- Born: 9 February 1934 Dungarven
- Died: 25 January 2020 (aged 85) Waterford

Education
- Alma mater: National University of Ireland Pontifical University of Maynooth Queen's University, Belfast

Philosophical work
- Institutions: New College, Edinburgh University of Edinburgh Queen's University Belfast St John's College seminary University of San Francisco Trinity College, Dublin
- Doctoral students: Heather Widdows

= James Mackey (theologian) =

Catholic theologian (1934–2020)

James P. Mackey was a liberal Catholic theologian who held the Thomas Chalmers chair of theology at the University of Edinburgh from 1979 until his retiral in 1999.
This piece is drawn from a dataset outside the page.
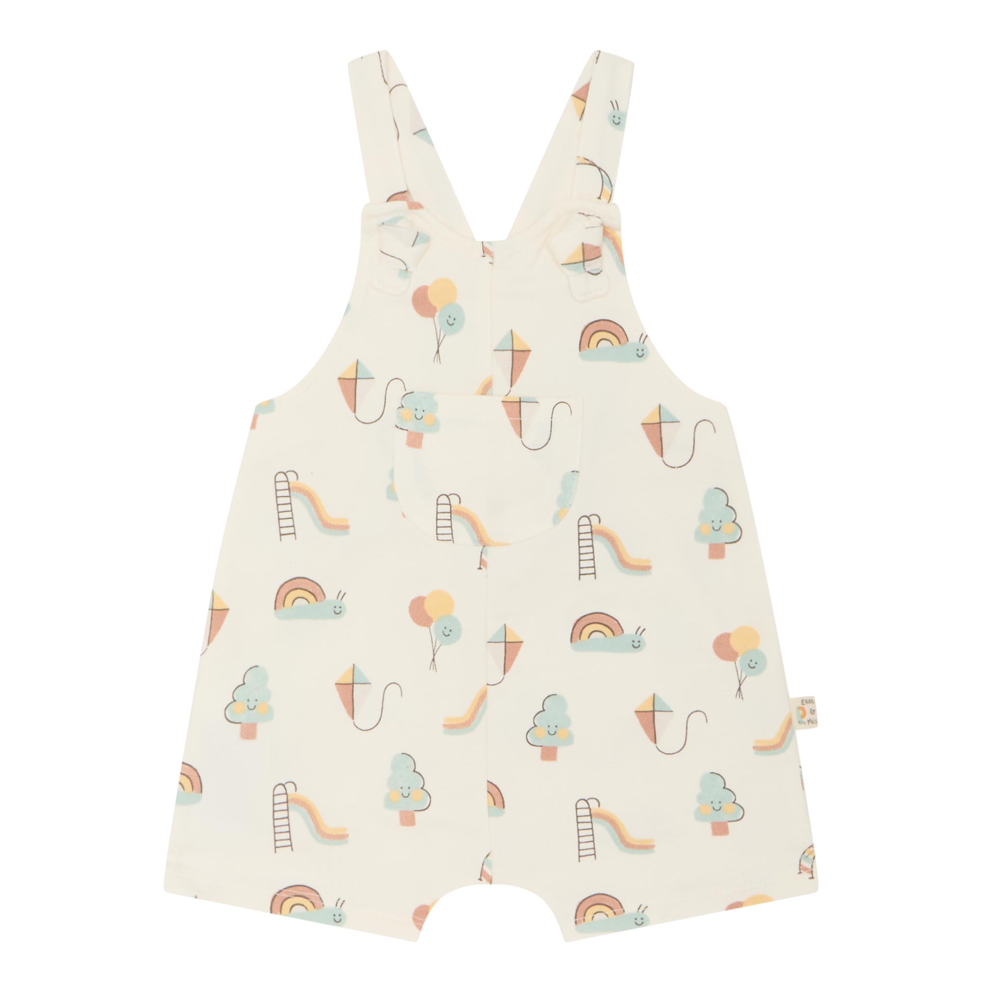• Crossover straps with button fastening to the back, short legs, front pocket, park themed print with kites, slides, snails and trees

==Early life, education and career==
James Patrick Mackey was born in County Waterford, Ireland on 9 February 1934, the eldest child of Peter Mackey and Esther Morrissey. He attended the Christian Brothers School in his home town of Dungarvan before completing his secondary education at the Cistercian College in Roscrea. He studied as an undergraduate at the National University of Ireland where he received his Bachelor of Arts degree with first class honours, before continuing his studies at St Patrick's College, Maynooth where he received his Licentiate in Philosophy, Bachelor of Divinity, Licentiate of Sacred Theology and Doctor of Divinity degrees.

On completing his doctorate in divinity in 1960 he moved to Belfast to lecture in Theology at Queen's University Belfast. While working at Queen's he also completed a PhD in Philosophy under the supervision of Professor James Haire, his thesis being on the nature of evil as understood in modern philosophy and theology. He moved back to Waterford in 1966 to teach at St John's seminary and went on to work as Professor of Systematic and Philosophical Theology at the University of San Francisco from 1973 to 1979.
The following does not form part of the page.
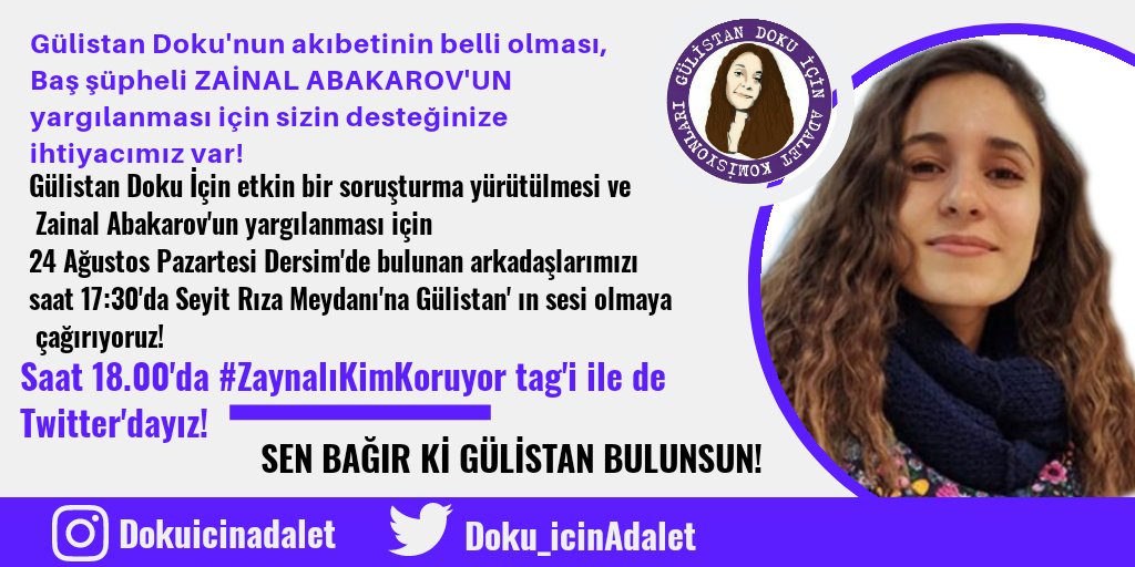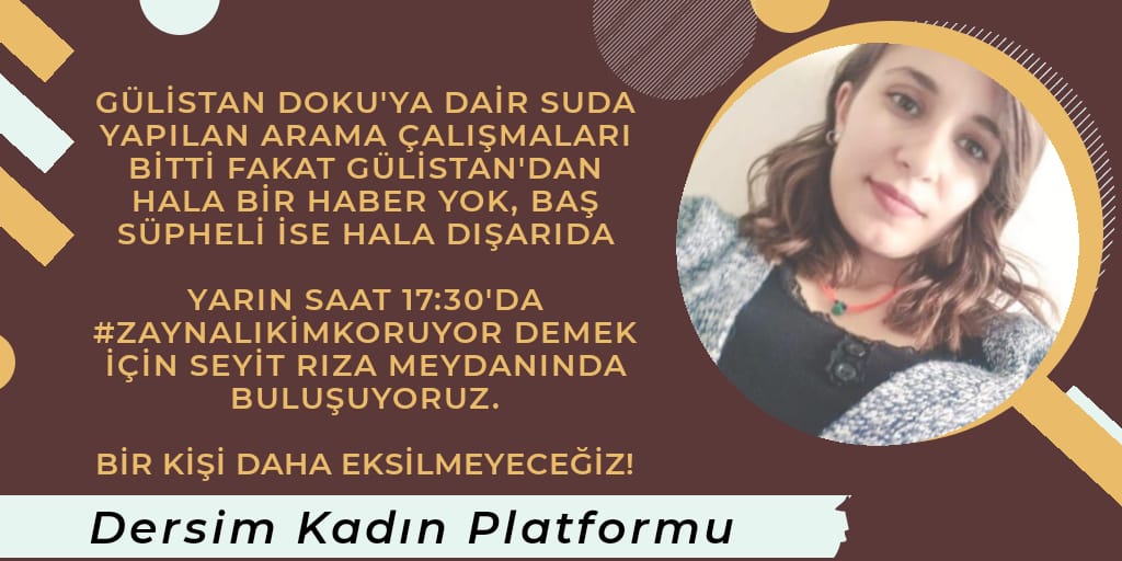 Seyit Rıza Meydanı’nda saat 17.30’da gerçekleşecek eylem sonrası kadınlar Twitter’dan da saat 18.00’de “Sen bağır ki Gülistan bulunsun!” diyerek Gülistan Doku bulunana kadar vazgeçmeyeceklerini duyuracaklar.

==Appointment to the University of Edinburgh==

For much of the 20th century, the Faculty of Divinity of the University of Edinburgh, situated at New College on The Mound was primarily considered to be a seminary for the training of ministers in the Church of Scotland. The Chair of Christian Dogmatics, held by Thomas Torrance since the merging of New College and the Faculty of Divinity in 1952, was due to become vacant on his retiral in September 1979 and had been renamed the Thomas Chalmers Chair of Theology in honour of the liberal theologian and first moderator of the Free Church of Scotland. The post was advertised and applicants considered by a nominating committee made up of six representatives each from the university and Church of Scotland.
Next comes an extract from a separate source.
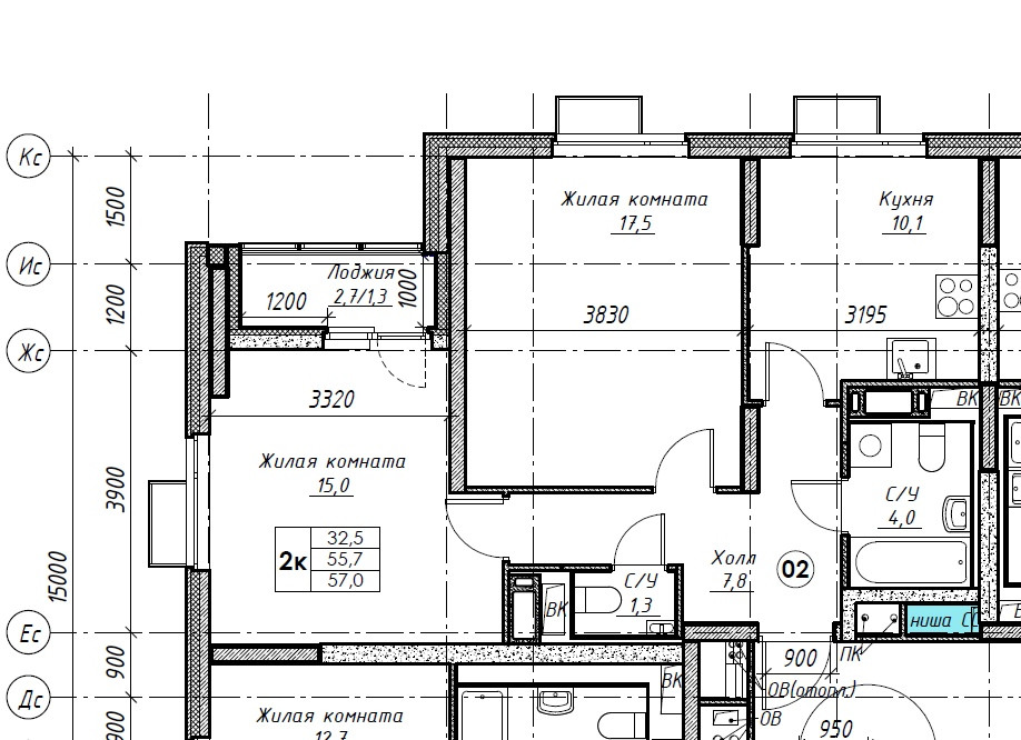 Жилая площадь 32.5 м2

The committee recommended Mackey for the position to the University Court in May 1979, a move that was met with some acrimony. A motion was tabled at the General Assembly of the Church of Scotland, led by former moderator the Very Reverend John R. Gray and signed by 33 commissioners of the Assembly, expressing "grave disquiet" at the possibility of the appointment of a Roman Catholic to the role. Some Church leaders threatened to withdraw candidates for the Church of Scotland ministry from New College, and Gray stated that presbyterian students could not in conscience attend the lectures of a Catholic

Nevertheless, the appointment was confirmed. At his inaugural lecture in October 1979, Mackey assured his detractors that they had nothing to fear and treated the situation with humour, joking that he "could have gone down in history as perhaps the only man to be dismissed from a Chair three days before he was appointed to it". At the accompanying press conference, the Very Reverend Dr Andrew Ross, Dean of the Faculty of Divinity and Principle of New College, was strongly critical of Gray, stating Gray believed education to be brainwashing, adding "We do not brainwash anyone here. We teach them to think for themselves."

Mackey went on to serve as Dean of the Faculty of Divinity from 1984 to 1988 and retired from the university in 1999.

==Bibliography==
- "Jesus the Man and the Myth: A Contemporary Christology" (1979)
- "The Christian Experience of God as Trinity" (1983)
- "Religious Imagination" (1986)
- "Modern Theology: A Sense of Direction" (1987)
- "An Introduction to Celtic Christianity" (1989)
- "Power and Christian Ethics" (1994)
- "The Critique of Theological Reason" (2000)
- "Christianity and Creation: The Essence Of The Christian Faith And Its Future Among Religions" (2007)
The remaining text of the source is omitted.